Sigmund Freud bemerkte, „dass gerade benachbarte und einander auch sonst nahestehende Gemeinschaften sich gegenseitig befehden und verspotten, so Spanier und Portugiesen, Nord- und Süddeutsche, Engländer und Schotten“. Die Aggression zwischen benachbarten Nationen, verwandten Konfessionen, Lehrern und Schülern liegt in diesem „Narzissmus der kleinen Differenzen“ begründet. Diese Theorie kann die Abneigung der polnischen Protestanten gegenüber den sogenannten „Polnischen Brüdern“ („Arianer“, später auch „Sozinianer“) erklären. Diese Kirche entstand um 1562/63 infolge der Konflikte um Trinitätslehre und Kindertaufe, die zur Spaltung der reformierten Konfession geführt hatten.

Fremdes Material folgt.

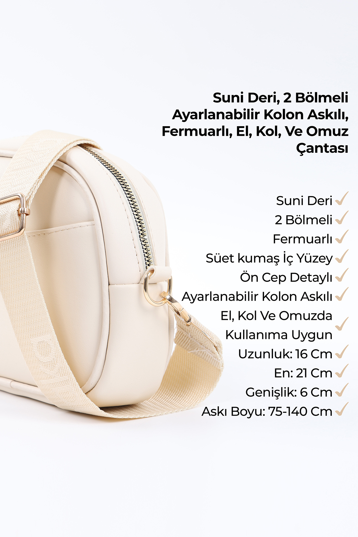 Krem SHK194 Suni Deri Fermuarlı 2 Bölmeli Ayarlanabilir Kolon Askılı Omuz Çantası Krem SHK194 Suni Deri Fermuarlı 2 Bölmeli Ayarlanabilir Kolon Askılı Omuz Çantası S225-00234 تک سایز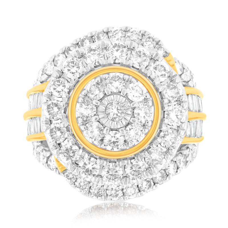 Gift yourself something precious in the form of a 9ct Yellow Gold 3.05 Carat Diamond Ring with Brilliant and Tapered Baguette Diamonds. The combination of gold, diamonds and tapered baguette diamonds makes this ring a must have accessory in your jewellery

Die radikale Haltung der „Sozinianer“ wurde nicht nur von katholischen, sondern auch von protestantischen Polemikern angegriffen. Dank den Bestimmungen der Warschauer Konföderation von 1573, die eine Duldung aller Konfessionen in Polen-Litauen zugestand, war ihre Lage teilweise gesichert. Im 17. Jahrhundert waren die „Arianer“ aber wieder ernsthaft bedroht, als die religiösen Freiheiten der Protestanten zwar zunächst nicht de iure abgeschafft, sondern de facto zunehmend eingeschränkt wurden. 1658 wurden die „Polnischen Brüder“ schließlich aus Polen-Litauen vertrieben.

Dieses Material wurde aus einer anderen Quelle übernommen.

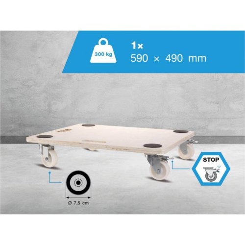 Rozměry: 59 x 49 cm Materiál: přírodní překližka Tloušťka desky: 18 mm Protiskluzové podložky Průměr kolečka: 75 mm, 2x kolečka s brzdou Nosnost: 300 kg Vhodná pro měkké podlahy FSC®? certifikovaný …

Diese Vertreibung, die dem Mythos der „polnischen Toleranz“ widerspricht, überrascht nicht. Sie entsprach dem konfessionellen Zeitgeist, war lange geplant und genau vorbereitet. Der Vortrag im Forschungszentrum Gotha geht nun der Frage nach, ob und wie die „Polnischen Brüder“ selbst diesen Vorgang beschleunigt haben.

Die These lautet, dass sich die Vertreibung nicht nur durch das Konfessionalisierungsparadigma, sondern auch durch einen Freud’schen „Narzissmus der kleinen Differenzen“ erklären lässt. Genauer gesagt: Dieser Narzissmus erklärt nicht nur, warum die „Polnischen Brüder“ gehasst wurden, sondern auch, warum sie erst 1658 vertrieben wurden.

Dr. Maciej Ptaszyński hat Geschichte und Philosophie in Warschau und Berlin studiert und wurde 2007 mit einer Arbeit über die evangelische Geistlichkeit in den Herzogtümern Pommern zwischen 1560 und 1618 promoviert. Seit 2008 ist er Assistent und Adjunkt am Historischen Institut an der Warschauer Universität, außerdem Sekretär in der Kommission für Renaissance- und Reformationsforschung an der Polnischen Akademie der Wissenschaften.